> **Brief**
Working from the records below, return word for word the line that contains "A Note on Naming: By" and each line after it, ending with the last. Skip all pictures.

Stored items from a collection

§ §

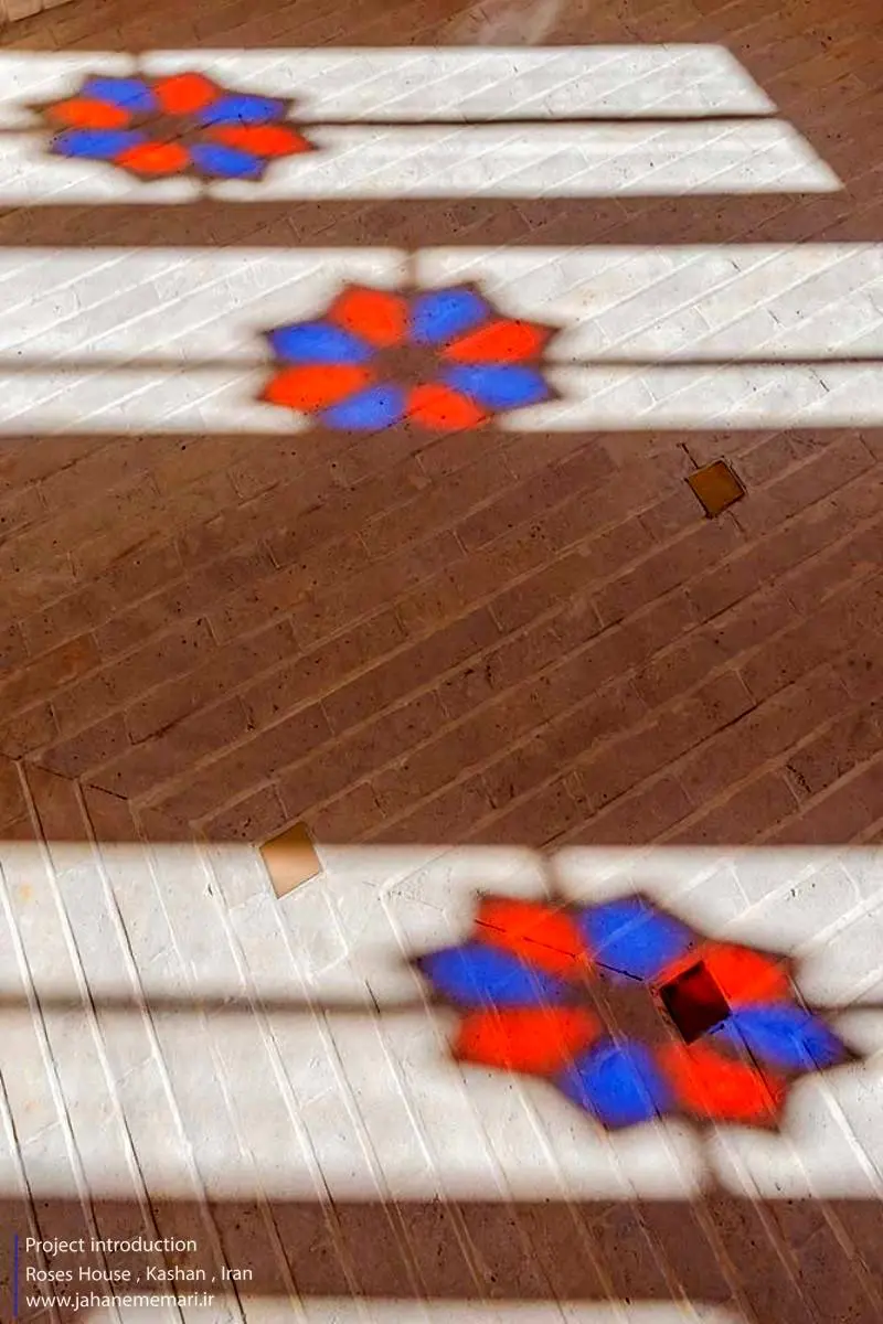 در ادامه حس ورود به کوچه های باریک کاشان بصورتی که با حرکت به سمت لابی دیوارهای جانبی با ایجاد ریتم متفاوت به صورتی که در ابتدای امر کاشی آبی رنگ بین آجرها از این زاویه خود نمایی و با حرکت به سمت جلو کاشیها از دید پنهان میشوند و به هنگام خروج بلعکس آن اتفاق میفتد، برای مخاطب ایجاد میشود. استفاده از آجرهای رنگ روشن به مینیمال بودن فضا کمک میکند. تمامی کف سازیهای هر قسمت بر اساس فلسفهای و بصورت دستی بریده ساخته و کف سازی شده است.
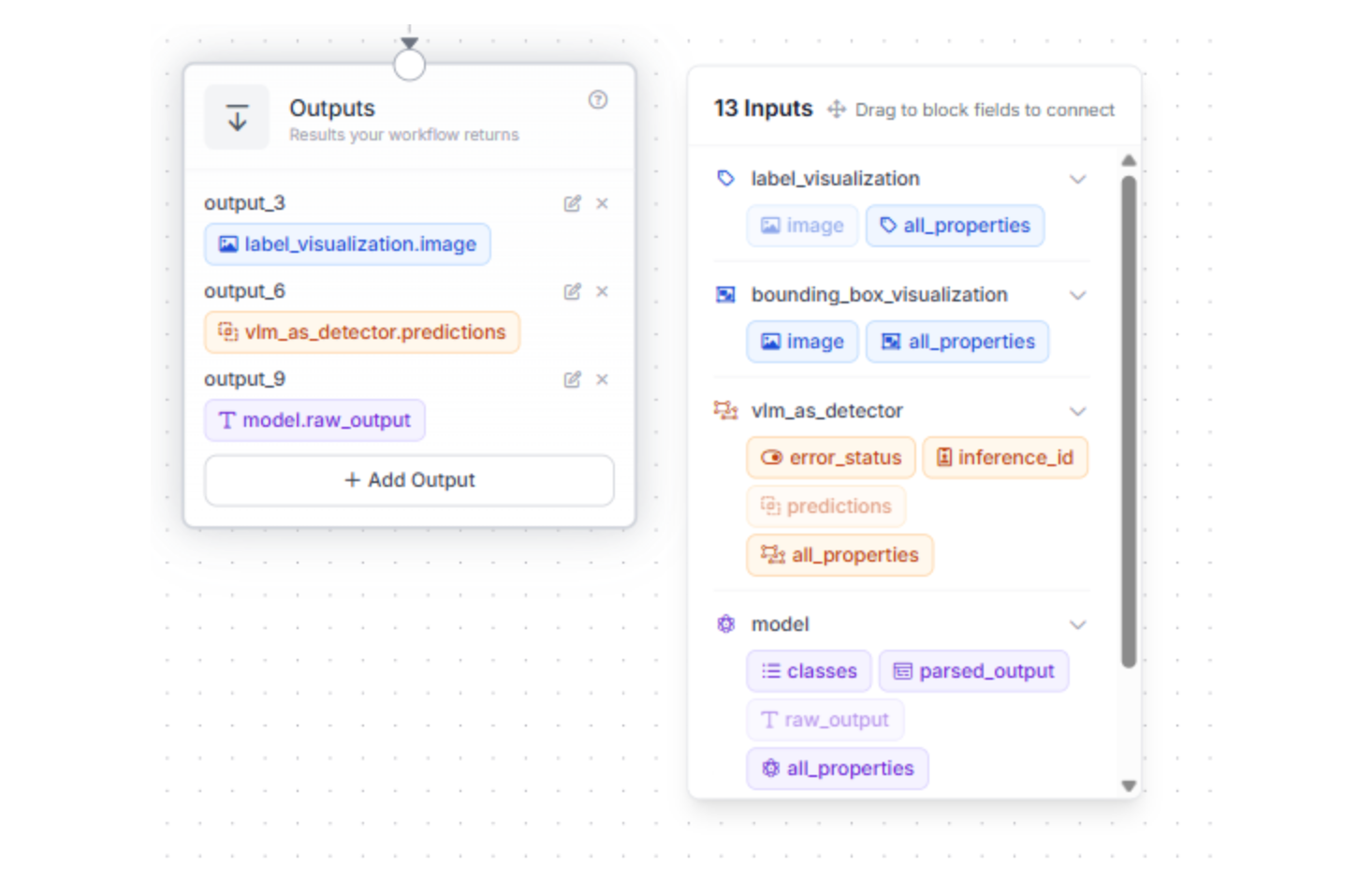 A Note on Naming: By default, Roboflow assigns IDs like “output_6” or “output_9” to these blocks. The Python script provided later in this guide relies on these specific keys to find the image dimensions and bounding box coordinates.
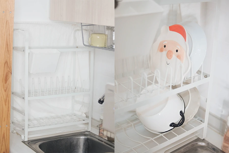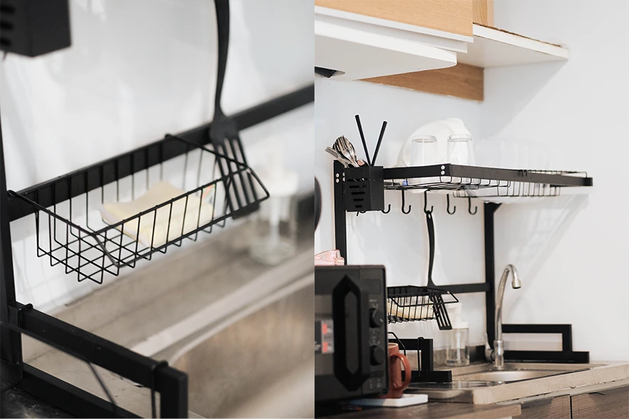ใครมีพื้นที่ครัวและอ่างล้างจานกว้างหน่อย ต้องจัดอันนี้แล้ว ชั้นวางจานคร่อมอ่าง สามารถวางคร่อมอ่างล้างจานได้ทั้งหมด เวลาคว่ำจานน้ำจากจานชามก็จะหยดลงมาบนอ่างเองเลย สะดวกสุดๆ แถมยังมีที่แขวนตะหลิว และที่วางฟองน้ำล้างจานให้อีกด้วย ครบเครื่องในชั้นเดียว
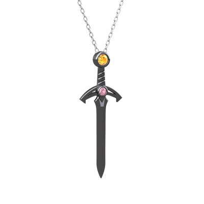 Sitrin ve pembe kuvars 925 ayar siyah rodyum kaplama gümüş kolye (40 cm gümüş rolo zincir)
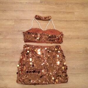 Brand new without tags NIKBK women’s size L gold sequin dot crop top and matching mini skirt. Muiltiways to wear as halter with attachable beaded chain and off the shoulder. Crop top has a zipper back closure. Concealed rear centre zipper and the shiny sequins adds a chic look when going out. Skirt is a slim fit with high waist and mini length. 95% Polyester and 5% Elastane

§ §

> **Task response**
 A Note on Naming: By default, Roboflow assigns IDs like “output_6” or “output_9” to these blocks. The Python script provided later in this guide relies on these specific keys to find the image dimensions and bounding box coordinates.
ใครมีพื้นที่ครัวและอ่างล้างจานกว้างหน่อย ต้องจัดอันนี้แล้ว ชั้นวางจานคร่อมอ่าง สามารถวางคร่อมอ่างล้างจานได้ทั้งหมด เวลาคว่ำจานน้ำจากจานชามก็จะหยดลงมาบนอ่างเองเลย สะดวกสุดๆ แถมยังมีที่แขวนตะหลิว และที่วางฟองน้ำล้างจานให้อีกด้วย ครบเครื่องในชั้นเดียว
 Sitrin ve pembe kuvars 925 ayar siyah rodyum kaplama gümüş kolye (40 cm gümüş rolo zincir)
 Brand new without tags NIKBK women’s size L gold sequin dot crop top and matching mini skirt. Muiltiways to wear as halter with attachable beaded chain and off the shoulder. Crop top has a zipper back closure. Concealed rear centre zipper and the shiny sequins adds a chic look when going out. Skirt is a slim fit with high waist and mini length. 95% Polyester and 5% Elastane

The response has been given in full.